Killer auf Samtpfoten

Glück gehabt! Mit einem Satz hat sich die Feldmaus gerade noch ins hohe Gras gerettet. Die Jägerin geht leer aus. Egal, denn der nächste Schatten hat bereits die Aufmerksamkeit der Hauskatze geweckt.

Unsere verschmusten Büsi sind gute Jägerinnen. Das liegt in ihrer Natur. Obwohl sie seit 9500 Jahren beim Menschen leben, haben sie ihr ursprüngliches Verhalten nie ganz abgelegt. Und wie ihre wild lebenden Verwandten durchstreifen Hauskatzen beim Jagen grössere Gebiete. Ihr Jagdinstinkt ist dabei so stark ausgeprägt, dass sie sich selbst wohlgenährt Vögel oder Säugetiere krallen.

2018 lebten in der Schweiz knapp 1,6 Millionen Hauskatzen. Von diesen haben ca. eine Million Auslauf ins Freie und damit die Möglichkeit, zu jagen. Das macht unsere Stubentiger zum häufigsten nicht heimischen Beutegreifer.

Ein wie grosser Schaden dabei entsteht, darüber streiten sich Katzenliebhaber und Naturschützer. Die Weltnaturschutzunion IUCN führt die Hauskatzen auf ihrer Liste mit den hundert eingeführten Arten, die die grössten Probleme verursachen. So weiss man von Inseln, auf denen Hauskatzen in jüngster Zeit an der Ausrottung von 33 Vogel-, Säugetier- oder Reptilienarten beteiligt waren.

Wie viele Kleintiere in der Schweiz von umherstreifenden Hauskatzen erbeutet werden, ist noch nicht untersucht. Etwas Licht in ihr Treiben ausser Haus wirft eine Studie aus den USA: 2010/11 bestückten Katzenbesitzer in Athens (Georgia) für eine Studie ein Jahr lang ihre Lieblinge mit einer Halskamera. Diese Crittercams zeichnen das Sichtfeld der Katzen auf: So sind Jagdverhalten, Herumstreunen oder Revierkämpfe hautnah mitzuerleben.

30 Männchen und 25 Weibchen zwischen sechs Monaten und 20 Jahren wurden für die Studie registriert. Acht waren auf dem Land zu Hause, 47 in der Vorstadt. Alle waren sterilisiert und durften raus. Die Videoauswertung einer Woche mit lauen Sommernächten zeigte: 44 Prozent gingen mindestens einmal auf die Jagd, schlichen sich an oder verfolgten ihre Beute. 39 Mal schlugen sie zu.

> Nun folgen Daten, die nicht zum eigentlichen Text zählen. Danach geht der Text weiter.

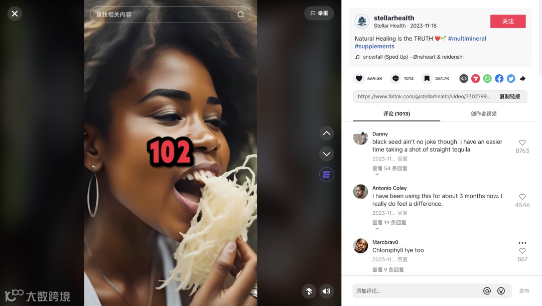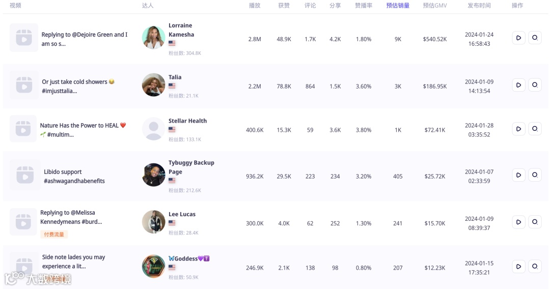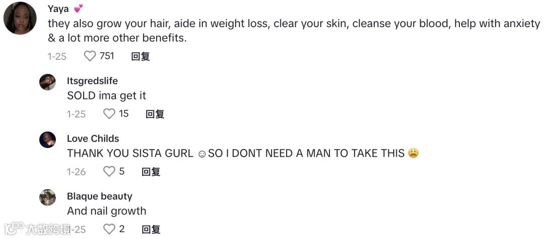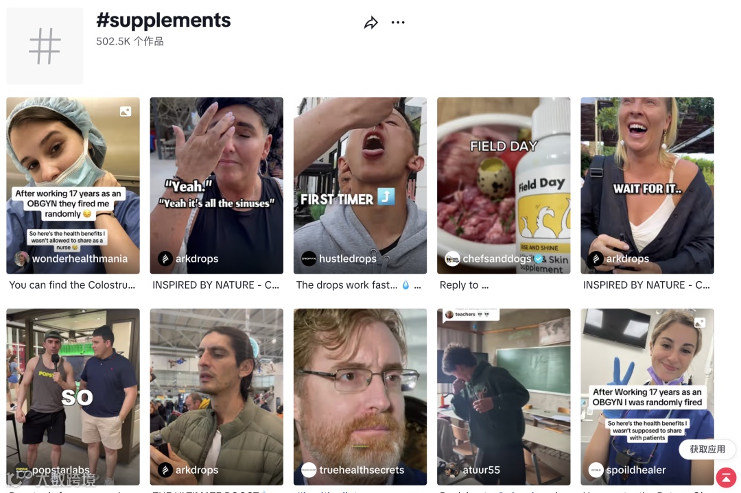 健康类目在上周GMV和销量增长最为迅速,取代了运动与户外在本周排名Top 5,带货商品均价为45.2美元;主要的热销商品为各类营养保健品,包括:排毒药、海藻粉、胶原蛋白肽、草本瘦身药、维生素补剂及镁片等。

Bean war während der sieben Tage am erfolgreichsten: Der Kater holte sich zwei Reptilien, zwei Säugetiere und zwei Amphibien. Buddy, Summer und Zoe kamen auf je vier Beutetiere, weitere 20 Katzen fingen jeweils ein bis drei Tiere. Was die Studie ebenfalls zeigte: Die 24 erfolgreichen Jäger fingen vor allem heimische Wildtiere – unter den 39 Opfern befand sich eine einzige Hausmaus.

Sieben laue Sommernächte, 24 Jäger, 39 Opfer – das tönt nun nicht gerade nach grossem Schaden. Doch wenn man die Zahlen für alle Schweizer Freigang-Büsi extrapoliert, wird die Opferzahl eindrücklich: 440 000 Jäger würden in sieben Nächten 312 000 kleine Tiere erbeuten. Bei den Vögeln trifft’s oft Rotkehlchen, Amseln, Meisen oder Spatzen. Doch zwischen den Krallen der Katzen enden auch Frösche, Eidechsen und Blindschleichen. Und natürlich: ganz viele Mäuse!